= 1961 Targa Florio =

The 45° Targa Florio took place on 30 April 1961, on the Circuito Piccolo delle Madonie, (Sicily, Italy). It was the second round of the F.I.A. World Sports Car Championship, and third round of the FIA GT Cup.

==Report==

===Entry===

The event attracted fewer cars than in previous seasons, with 64 racing cars registered for this event, instead of the 78 in 1960. 57 of the 64 arrived for practice. Of these, 54 qualified for, and started the race.

Ferrari never had won a Formula One Constructor Championship, losing to British cars since it was introduced in 1958, but once again was the reigning World Sportscar Champion - barely, though. In the 1960 World Sportscar Championship Maranello had won only 2 of 5 events, one of them Le Mans which requires strong engines, while the small capacity Porsche won also two events and a second place, with the tie breaker having been the amount of third places. Of the four proper Targa races from 1956 (Non-Championship) to 1960, Ferrari had won only in 1958 with the 3-liter V12 Testa Rossa mounted in the front, with the nimble mid-rear engine 1500cc Porsche 550 and 718 winning three.
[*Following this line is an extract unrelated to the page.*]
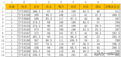 (1)首先在上面数据表中添加一列,计算语数英三科的总分,如下表所示。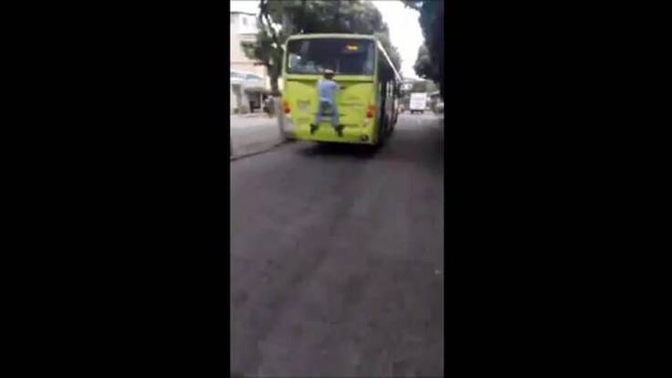 En las imágenes se ve como el hombre viaja colgado a la parte trasera del bus del sistema.

Having lost in 1959, Ferrari in 1960 entered the lighter V6-powered Dino 246S with 2.4 liter engine size, but Porsche had upgraded its flat-4 DOHC Type 547 Fuhrmann engine to 1.6 liter and took a third win.
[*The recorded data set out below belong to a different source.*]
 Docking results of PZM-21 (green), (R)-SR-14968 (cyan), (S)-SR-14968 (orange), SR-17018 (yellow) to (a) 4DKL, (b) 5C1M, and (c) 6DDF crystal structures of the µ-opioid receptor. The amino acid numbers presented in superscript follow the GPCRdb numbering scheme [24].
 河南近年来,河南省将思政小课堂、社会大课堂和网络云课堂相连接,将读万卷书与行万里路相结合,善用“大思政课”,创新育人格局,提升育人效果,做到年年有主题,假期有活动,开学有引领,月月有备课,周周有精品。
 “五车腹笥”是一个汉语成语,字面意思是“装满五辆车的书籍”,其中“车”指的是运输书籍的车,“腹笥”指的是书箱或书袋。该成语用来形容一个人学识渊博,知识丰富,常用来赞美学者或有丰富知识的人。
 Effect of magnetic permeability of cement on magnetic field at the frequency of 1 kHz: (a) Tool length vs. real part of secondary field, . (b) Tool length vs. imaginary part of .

For 1961, Ferrari finally adopted the mid-engine layout, putting a Dino-V6 behind (Posteriore) the driver both in F1 and in some sportscars, which were designated SP. Ferrari entered two of their 2.4 litre mid-V6 Ferrari 246 SP and a traditional 3-liter front-V12 250 TRI 61 for their squad of drivers; Willy Mairesse, Ricardo Rodríguez, Wolfgang von Trips, Olivier Gendebien, Phil Hill and Richie Ginther. As in 1960, there were no other factory entrants in the S3.0 class. The main opposition would come once again from the works Porsche 718 RS 61s of Hans Herrmann & Edgar Barth, Jo Bonnier & Dan Gurney, Graham Hill and Stirling Moss. Despite the fact that these were smaller engined cars and less powerful, they had beaten Ferrari in the last two Targa Florios. This time, Porsche enlarged the engine some more, conservative 1700cc for the No. 132 car of the German drivers, and nearly the maximum of the S2.0 class with 1966cc in the two other 718.

===Race===

At the start, Moss in the No. 136 Porsche took an immediate lead, which would eventually build up to around 90 seconds, with his team-mate Bonnier in second place. The leading Ferrari was No. 162 of von Trips, it seemed the Ferrari 246 SP just couldn’t match the overall performance of the nimble Porsches The other V6 Ferrari of Phil Hill and Ginther suffered an accident on the very first lap, and was one of 24 cars that didn’t reach half distance. The V12 works Ferrari was also out early.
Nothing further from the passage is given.